I know we’ve had responsiveness problems in the pits. They were always associated with a ton of CAN errors. I’ve yet to discover the root cause of the CAN errors, aside from one of the jaguars always flashes. I’m certain the fact of the CAN errors is what causes the delayed responses, since the CAN libray uses blocking calls, which means everything will stop until the command times out or gets a response. So the program hits a snag, then eventually times out and updates everything with rather older joystick values that haven’t been refreshed.

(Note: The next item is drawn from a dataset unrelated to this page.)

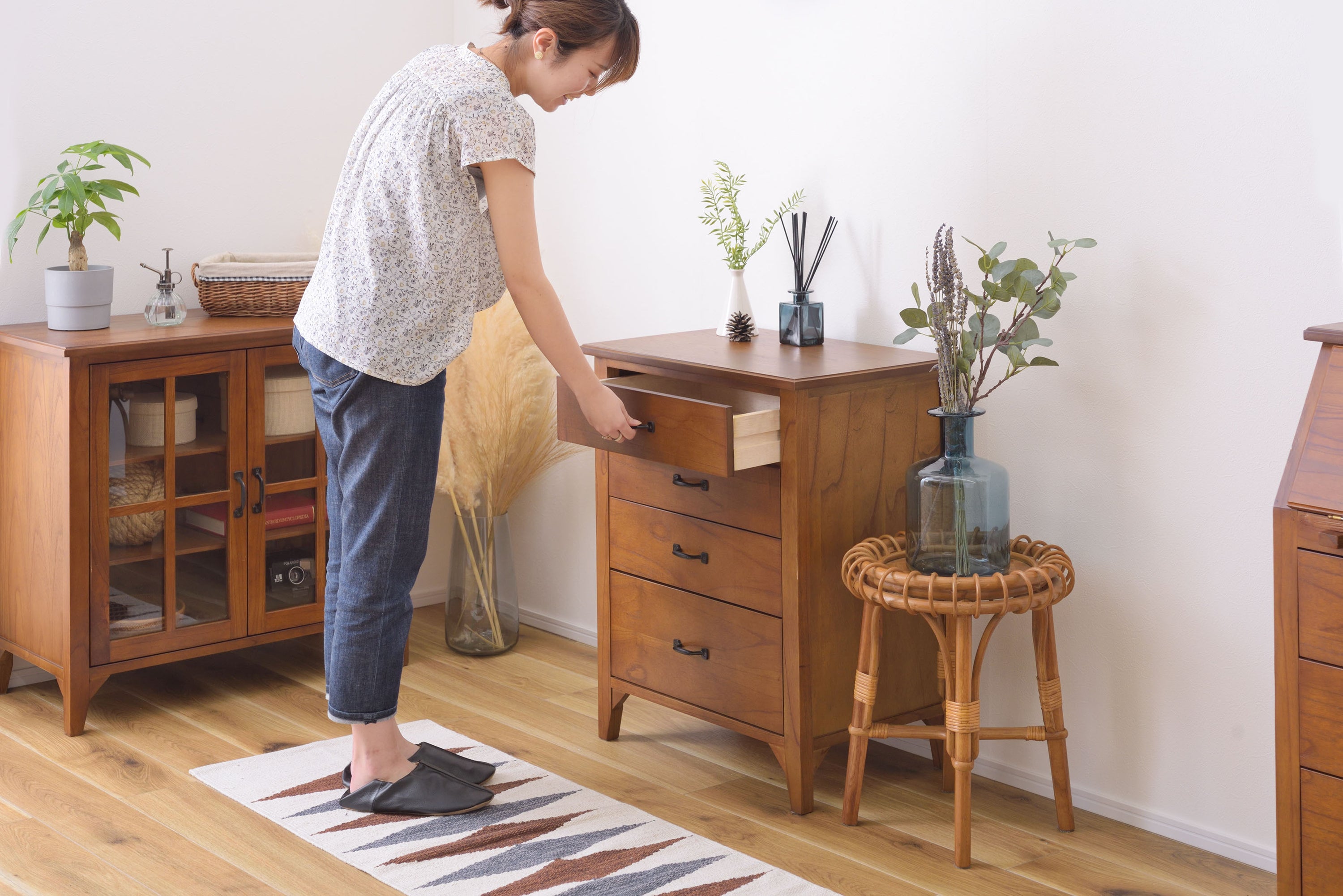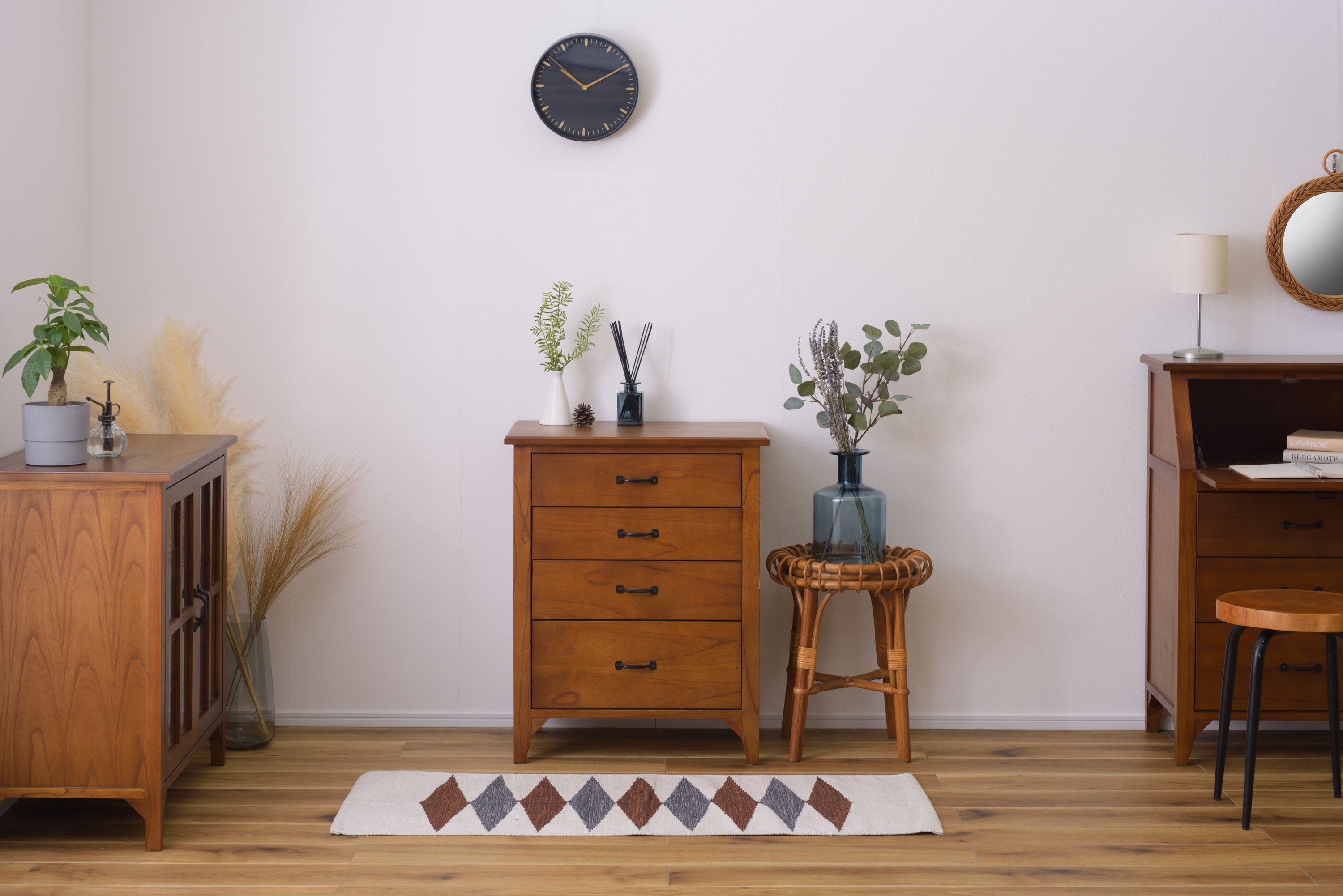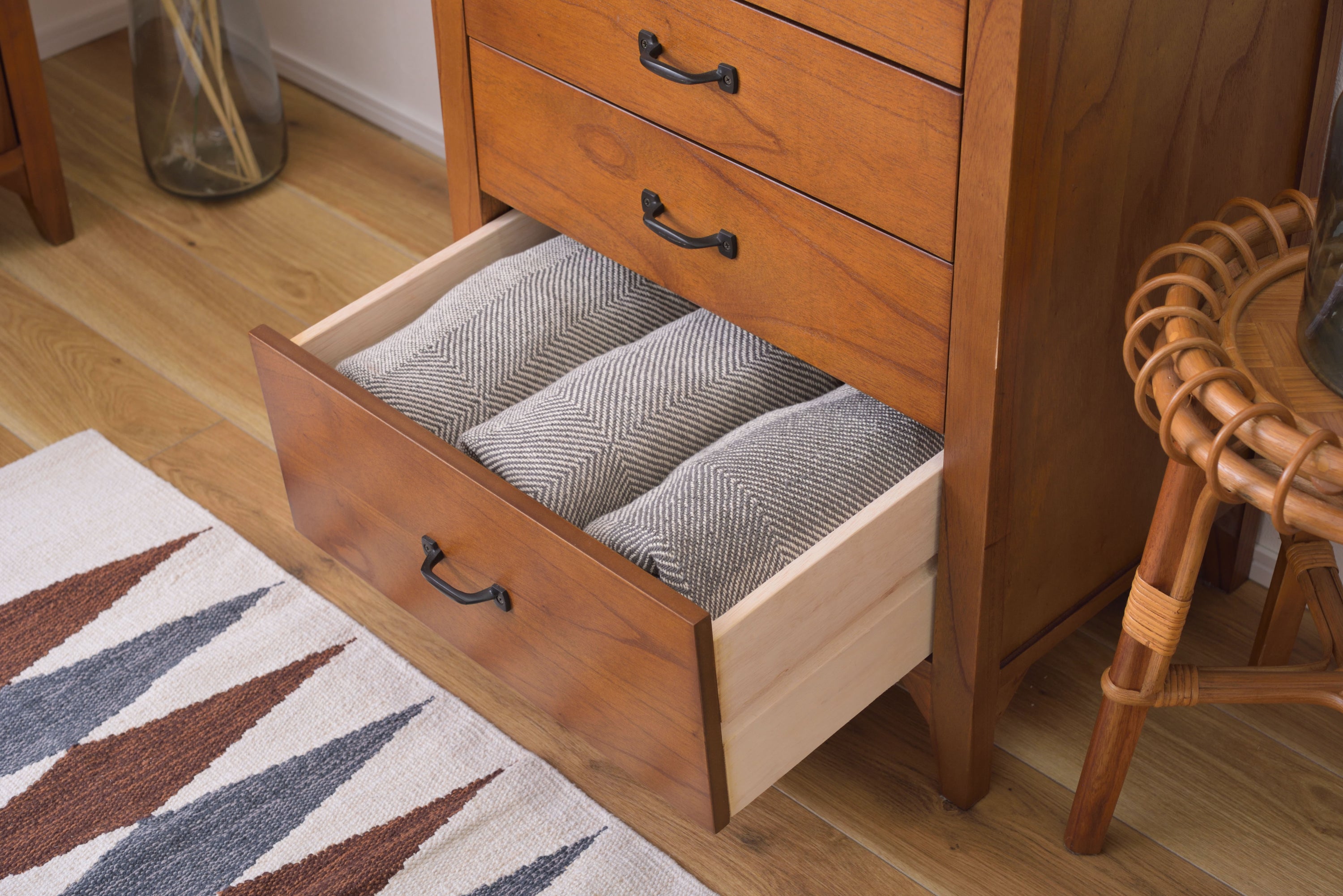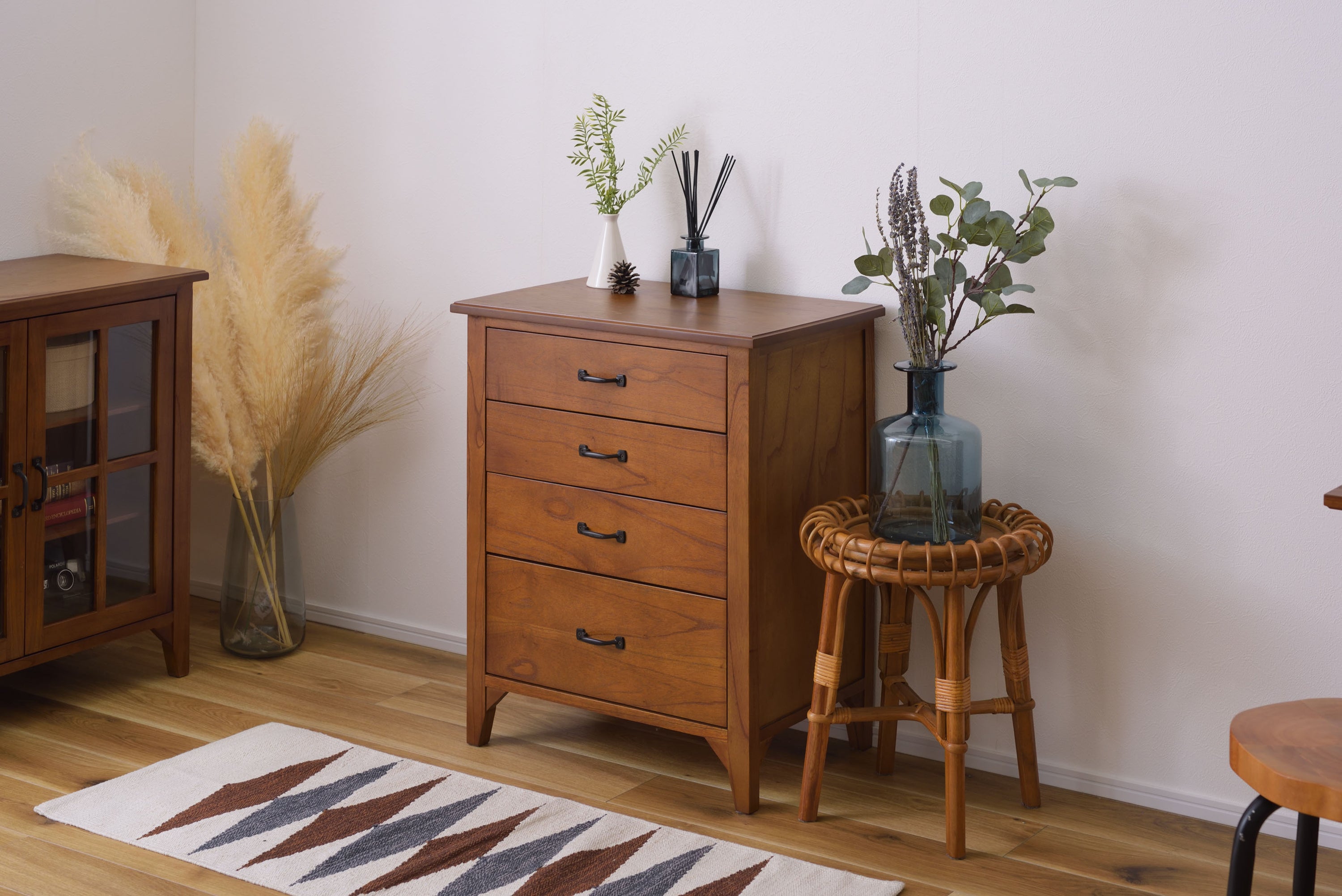 天然木の豊かな風合いと統一感のある黒アイアンが特徴の定番人気シリーズ「ティンバー」にミニチェストが登場。スリムなサイズ感で限られた空間にも設置できます。引き出しが4杯ついている収納力のあるミニチェスト。一番下の引き出しのみやや大きいサイズになっているので、より多く収納したい場合は一番下の引き出しへ。脚裏にはフェルトが付いているので、床への傷防止になり安心。アイアンの取っ手と風合いのある天然木のヴィンテージ感漂うミニチェスト。

Yes, we’ve had this intermittently, but it never was a major problem, I believe. Last year with the new Classmate there was an internal issue that would periodically trip the watchdogs at a concerning rate, but we fixed it after searching on Chief Delphi. We sometimes get errors in the diagnostics tab when starting up, but we are quite confident that this is a common occurrence during boot-up (it doesn’t affect control since we haven’t enabled yet). Most of the time when the robot hiccups it’s because of a watchdog error, although most of those times we don’t even notice it; it seems to be instant. We often can’t think of what might be wrong, though. But we would check for lagging code, the diagnostics tab of course, a dead battery, if the drivers are cranking on the controls and drawing too much current…mostly basic things (we don’t have a plan like you mentioned). Sometimes we do image the cRIO and that’s usually a good “reset” point to start from.
Always flashes as in the same flash as a disabled Jaguar? (Slow yellow flash?)
Or an intermittent blink? Solid yellow (or Red/Green) - off - working again?
399 had the second during build. It manifested itself as a lag, especially when driving backwards.
We were able to narrow the cause to a single Jag [the one that intermittently would flash], and by removing it solved the unresponsiveness and all of our CAN issues.
Under BDC-COMM, that Black Jaguar would remove itself from the CAN bus and not respond until it was re-enumerated, when it was commanded to go a certain direction [Backwards].
You know, I’m not certain if it’s always the same jag. It was doing the slow yellow disabled blink and we couldn’t see it on the CAN bus, until we cycled power on the robot and everything was fine. I’ll tell our programmer to note which jag is causing the problems the next time it happens and we might just swap it out for a spare one if it’s the same one.
Related note: was your problem jag a black jaguar on your drivetrain or another system subject to sudden heavy current reversals? The gray jags have issues with sudden reversals blowing up gate drivers and disabling half the h bridge. Perhaps the new ones are subject to some other, more unlikely sort of failure when hit with a sudden reversal.
It used to be on the drivetrain.
We noticed that it sometimes stuttered (and would produce a whole bunch of CAN errors) and then we took it out.
When it was run under BDC-COMM, it wasn’t connected to any motors just the Serial port and terminator.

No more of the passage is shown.